Transnational corporations in Ghana are increasing land acquisitions that have the potential to cause conflicts among farmers, pastoralists and other land users as well as take arable land from smallholders, according to a new study by the University of Ghana. The report called on the state to take a more active role in regulating these deals.

The study focused on Prairie Volta Rice Limited in the North Tongu District, Solar Harvest Limited in Tamale and Integrated Tamale Fruit Company in the Savelugu District. It was undertaken by Professor Dzodzi Tsikata and Dr Joseph Yaro, and was motivated by global concerns about future adverse impacts of land grabs by TNCs in developing countries. It sought to provide a deeper understanding of the processes and risks of land acquisitions by TNCs.
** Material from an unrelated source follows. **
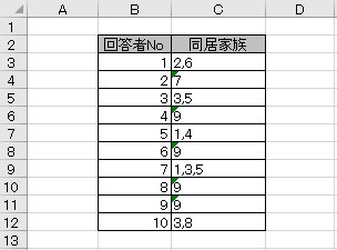 複数回答質問も単一回答質問と同じく1列になっており、チェックした選択肢の番号が、セル内にカンマ(コンマ)区切りで入力される

The report claimed that land use conflicts that existed between the local farmers and pastoralists intensified as a result of the acquisition of the land and resettlement of pastoralists by companies, causing tension between the state and communities. In the studied areas there were also tensions between overlords and sub-chiefs, with the disruption of local farms and loss of common land causing inter-community tensions, and forcing people to walk long distances to their new lands.
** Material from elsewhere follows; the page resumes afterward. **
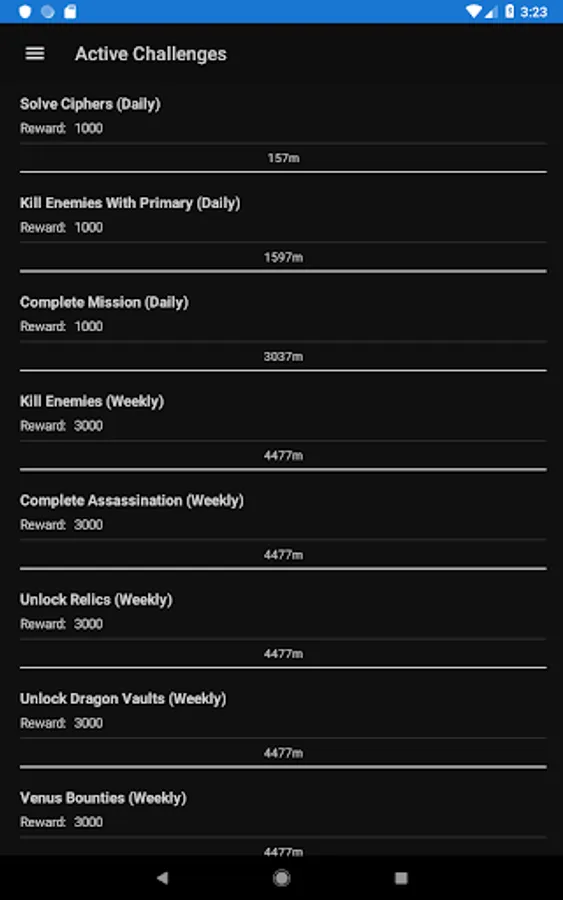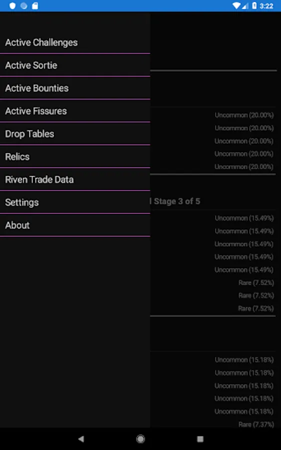 Pulls data from the Warframe Worldstate API to provide a listing of all of the active challenges, fissures, the current sortie, and a searchable/filterable list of active bounties ( can search by name, location, or a specific reward).

“We really need a register on land deals. We are deciding our agrarian future without realising it,” Tsikata suggested. She argued that the exposure of smallholders to the vagaries of global markets through the land acquisitions by the transnational companies has aggravated the plight of the communities. “The state as a player has compounded negative outcomes by acts of commission and omission, institutional failures and conflict of interest and ambiguities,” she said.
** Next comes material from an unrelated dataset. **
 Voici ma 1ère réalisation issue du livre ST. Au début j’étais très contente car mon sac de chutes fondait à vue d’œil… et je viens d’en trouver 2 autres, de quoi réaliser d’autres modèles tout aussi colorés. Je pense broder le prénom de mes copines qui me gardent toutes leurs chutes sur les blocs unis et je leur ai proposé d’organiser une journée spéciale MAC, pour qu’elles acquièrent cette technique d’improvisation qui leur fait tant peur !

The report also concluded that gender and class had become more divisive as a result of the acquisitions, with women losing out in the stratification of society and social classes becoming more evident as a result of local chiefs becoming landowners rather than custodians. Expectations of alternative employment for those moved had not been realised. The researchers also discovered that massive destruction of the commons, a source of income generation mainly for female farmers, was posing a great threat to their livelihood and at the same time rendering most of them homeless.

Yet there were some positive impacts on the Ghanaian economy, which may well serve to deter government from becoming more regulatory in terms of the TNCs. Improved infrastructure, livelihood technologies and foreign direct investment are significant advantages. “Land deals impact not only economically, changing traditional dynamics and arrangements of power and resource systems,” Tsikata declared.